This whole change was prompted by a user's request to be able
to do just that.  Well, actually, he wanted to be able to do

        set *(@code short *) myfunction = 0xabcd

Re: [RFC/RFA] gdb extension for Harvard architectures

[Andrew Cagney]

> Without change.  My contention is that the user is almost never going to
>> want to do what you just described.  Why make what the user is going to
>> want to do hard?
> 
> 
> This whole change was prompted by a user's request to be able
> to do just that.  Well, actually, he wanted to be able to do
> 
>         set *(@code short *) myfunction = 0xabcd


I think everyone is in agreement that not being able to frob an 
instruction location is a ``breakage''.  Can I guess they entered:

	set *(short *) myfunc = 0xabcd

I would.  And as I'm doing now, I would also be asking why I have to 
explicitly specify @code, when the cast operator already knows that my 
pointer is designating code space.

Andrew

Re: [RFC/RFA] gdb extension for Harvard architectures

[Michael Snyder]

Andrew Cagney wrote:
> 
> > Without change.  My contention is that the user is almost never going to
> >> want to do what you just described.  Why make what the user is going to
> >> want to do hard?
> >
> >
> > This whole change was prompted by a user's request to be able
> > to do just that.  Well, actually, he wanted to be able to do
> >
> >         set *(@code short *) myfunction = 0xabcd
> 
> I think everyone is in agreement that not being able to frob an
> instruction location is a ``breakage''.  Can I guess they entered:
> 
>         set *(short *) myfunc = 0xabcd
> 
> I would.  And as I'm doing now, I would also be asking why I have to
> explicitly specify @code, when the cast operator already knows that my
> pointer is designating code space.

Your intuition is counter to what GCC actually implements.
Your hypothetical user might have the same intuition as you, 
but if he's using GCC, then his intuition may actually be
the source of the bug he's trying to debug.  GCC evaluates
the expression:

	x = *(int *) &main;

by taking a value from data space.  I think GDB should be 
able to cut and paste the expression from the source code
and give the same result that the compiler gives.

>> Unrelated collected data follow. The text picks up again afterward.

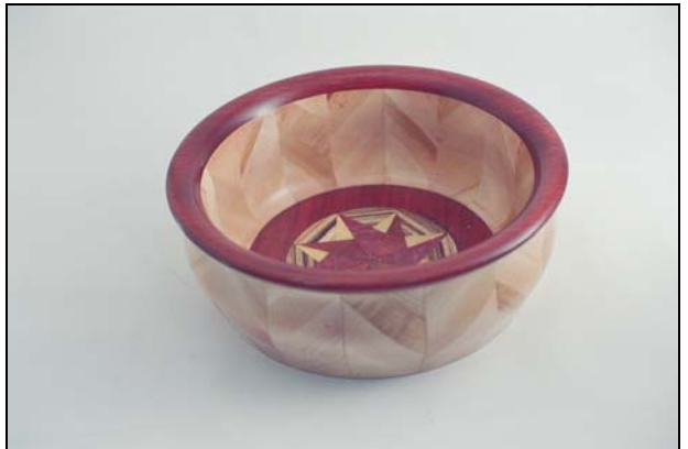
Right: Gene Crosby - a 10"W X 6"H segmented bowl from Maple with Paduak Rim and patterned bottom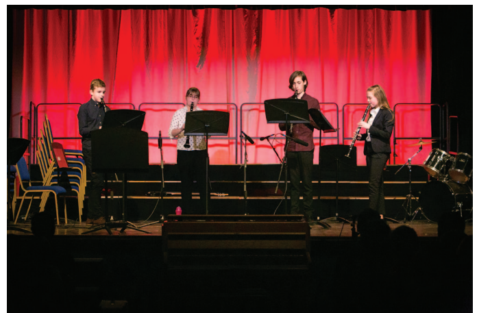
RATCLIFFE COLLEGE SPRING CONCERT 2019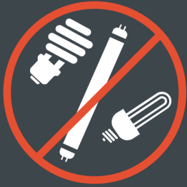
Household light globes and tubes

This waste is hazardous to the environment and should NOT be placed in any of your bins! This includes items such as (but not limited to):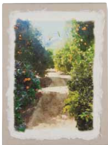
"Hummingbirds" invitation featuring a linen box with watercolor screen-printed on 100% cotton paper by Lehr and Black ; lehrandblack.com

We're thrilled to see that watercolor motifs have made a major comeback! Whether illustrated in fun brush strokes, picturesque backdrops, whimsical details, or a map that cleverly points guests in the right direction, these designs are a timeless touch year-round. The striking stationery sets featured here are either hand-painted watercolor compositions or include lovely watercolor-inspired elements.

Re: [RFC/RFA] gdb extension for Harvard architectures

[Jim Blandy]

Andrew Cagney <ac131313@cygnus.com> writes:
> Without change.  My contention is that the user is almost never going to 
> want to do what you just described.  Why make what the user is going to 
> want to do hard?

Michael's change makes what the user wants possible at all, which is
an improvement over the current situation.  You are asking for an
additional improvement, which can be discussed separately from
Michael's change.

But to answer the question anyway:

Sometimes it is better to leave what the user usually wants to do
somewhat hard, because making that specific case easy makes a lot of
other stuff even weirder.

You're essentially proposing:
- that a cast expression like (T) EXPR would not result in a value of
  type T, but some other type chosen to save the user's keystrokes, and
- that we make GDB evaluate expressions like `(int *) &main' differently
  from the way the compiler does.

Those set off warning bells, for me.  You can special-case this stuff
to make the naive user's behavior do the right thing want all you
want.  If you've ever had Microsoft Word correct your capitalization
or automatically munge your paragraph formatting, you know what the
resulting systems feel like to use.

In contrast, once you do explain to someone how to do what they want
under Michael's and my proposal, it makes sense, given the
architecture.  You can then correctly predict how a half-dozen other
weird things would be done.  All the rules you already know about
types apply naturally to the extension.

As I see it, these architectures have a discontinuity that we're
simply not accustomed to, though people in older times wouldn't have
been so surprised.  And we've provided a way to accurately describe
that sort of discontinuity; using our system, things "just work" that
can't be made to work without our system.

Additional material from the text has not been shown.